NumPy is a Python library. NumPy is used for working with arrays. NumPy is short for “Numerical Python”. NumPy also has functions for working in domain of linear algebra, fourier transform, and matrices. In 2005, it was created by Travis Oliphant. It is an open source project and you can use it freely.
In Python there are lists that serve the purpose of arrays, but they are slow to process. NumPy aims to provide an array object that is up to 50x faster than traditional Python lists. The array object in NumPy is called ndarray, it provides a lot of supporting functions that make working with ndarray easy. Arrays are frequently used in data science, where speed and resources are very important.
NumPy arrays are stored at one continuous (contiguous) place in memory, unlike lists. In this way, processes can access and manipulate them very efficiently. This behavior is called locality of reference in computer science. This is the main reason why NumPy is faster than lists. Also it is optimized to work with latest CPU architectures.
Here below is a very simple example of using NumPy from w3schools.com in their NumPy tutorial. We can create a NumPy ndarray object by using the array() function.
import numpy as np # use the np alias arr = np.array([1, 2, 3, 4, 5]) print(arr) print(type(arr))
The version string is stored under __version__ attribute. It is traditional to use the alias np for NumPy.

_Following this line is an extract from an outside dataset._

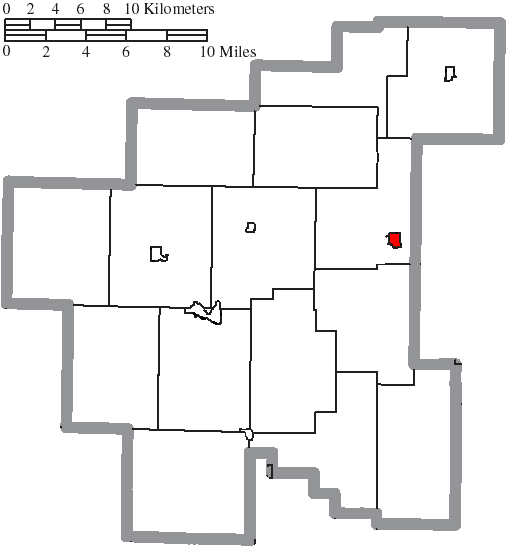 Map of the municipal and township boundaries of Noble County, Ohio, United States, as of the 2000 census, with the location of the village of Summerfield highlighted. Township borders are shown only in unincorporated areas in order to differentiate incorporated and unincorporated areas more clearly.

import numpy as np print(np.__version__)
You can access an array element by referring to its index number. The indexes in NumPy arrays start with 0. In the code above where we’ve created an array called arr, print(arr[0]) would return 1, and print(arr[2]) would return 3.
In NumPy, vectorization enables operations to be performed on multiple components of a data object at the same time. Data professionals often work with large datasets, and vectorized code helps them efficiently compute large quantities of data.